Весь этот разговор происходил в затемненной спальне с задернутыми шторами, защищающими от яркого солнца. Преподобный Юстас Чиллингхэм, который так же присутствовал, был удивлен, узнав, что комиссар сильно болен, поскольку ничего не слышал об этом, но он и сам плохо себя чувствовал, чтобы уделять этому факту слишком большое внимание.
Винтер не видела Конвея до тех пор, пока не прибыл полковник Маулсен, чтобы проводить ее в гостиную. Вид полковника, который ей никогда не нравился и которого после инцидента, происшедшего в ночь отплытия «Сириуса» из Александрии, она по-настоящему невзлюбила, неприятно поразил ее. Она забыла, что он тоже будет в Лунджоре, и хотя знала, что он знаком с Конвеем, не ожидала, что настолько близко, чтобы вести ее к алтарю. Пусть бы ее вел под венец кто угодно, но не полковник Маулсен, и не Алекс.
На мгновение у нее перед глазами возникло его лицо, такое реальное и негодующее, словно он действительно встал между ней и полковником Маулсеном; Алекс лгал ей и пытался помешать ей выйти замуж за Конвея.
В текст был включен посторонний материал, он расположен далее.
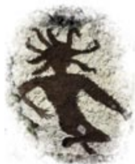
Projet Arts et nature
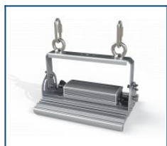
Крепление Рым-болт М6 Unit (комплект)
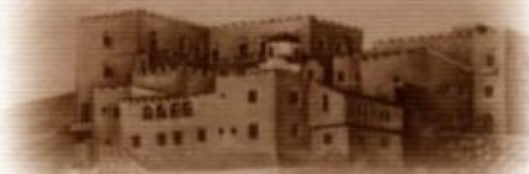
ΙΕΡΑ ΜΟΝΗ ΕΥΑΓΓΕΛΙΣΜΟΥ Μ.Η. ΠΑΤΜΟΣ

Ὅπως αναφέρει στον πρόλογο του βιβλίου της για τον γέροντα η Καθηγουμένη της Ιεράς Μονῆς Ευαγγελισμοῦ Μητρόσ Ηγαπημένου, Μοναχή Χριστονύμφη: «Το νησί της Πάτμου, που ο Κύριος αγίασε με την Αποκάλυψή Του και δόξασε ο μέγας εξόριστος Ἅγιος Ιωάννης ο Θεολόγος, ανέδειξε στις ημέρες μας τον νέο Ἅγιο της διπλῆς ἀγάπης.
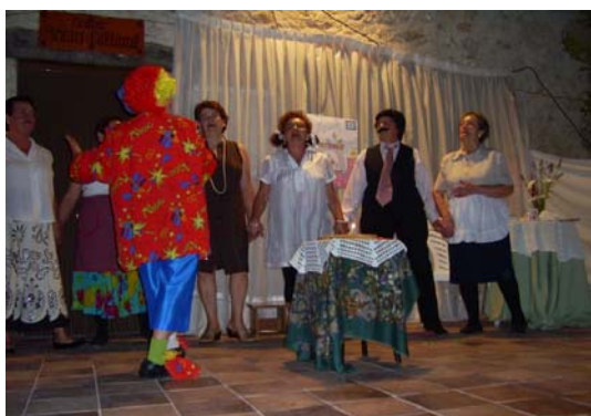
Teatro de las mujeres

Más tarde las mujeres nos amenizan con una obra de teatro de su propia cosecha.

С другой стороны, Конвей знал, что она встречалась с полковником, но он предпочел, чтобы ее вел именно он, а не какой-нибудь незнакомец. Он не думал, что она скорее предпочла бы незнакомца.
Винтер посмотрела на полковника Маулсена, ее бледные щеки покрылись румянцем, глаза засверкали, но в них мелькнуло какое-то испуганное выражение; она видела не его, а только старый знакомый образ Конвея, золотоволосого, голубоглазого, с начищенным оружием, видела его стоящим между ней, кузиной Джулией и несчастьем.
Эта картина не исчезала, когда она смотрела сквозь дымку своей фаты на грузного стареющего мужчину с блеклыми выпуклыми глазами, седеющими волосами и вялым, искривленным ртом, его руки так сильно дрожали, что он с большим трудом сумел надеть кольцо на ее палец.
Ничего в этом одутловатом человеке не осталось знакомого; но это был Конвей, и он был болен. Так сильно болен, что не хотел, чтобы она видела, как эта болезнь изменила его. Это лишний раз доказывало его любовь к ней и его доброту. Перемены, которые она видела, были чисто внешними, но теперь она здесь, чтобы заботиться и опекать его, и вскоре он выздоровеет и станет сильным, как прежде. Она посмотрела на кольцо, которое было слишком велико для ее пальца, как и то, первое, которое он когда-то дал ей, и ее глаза неожиданно наполнились счастливыми слезами.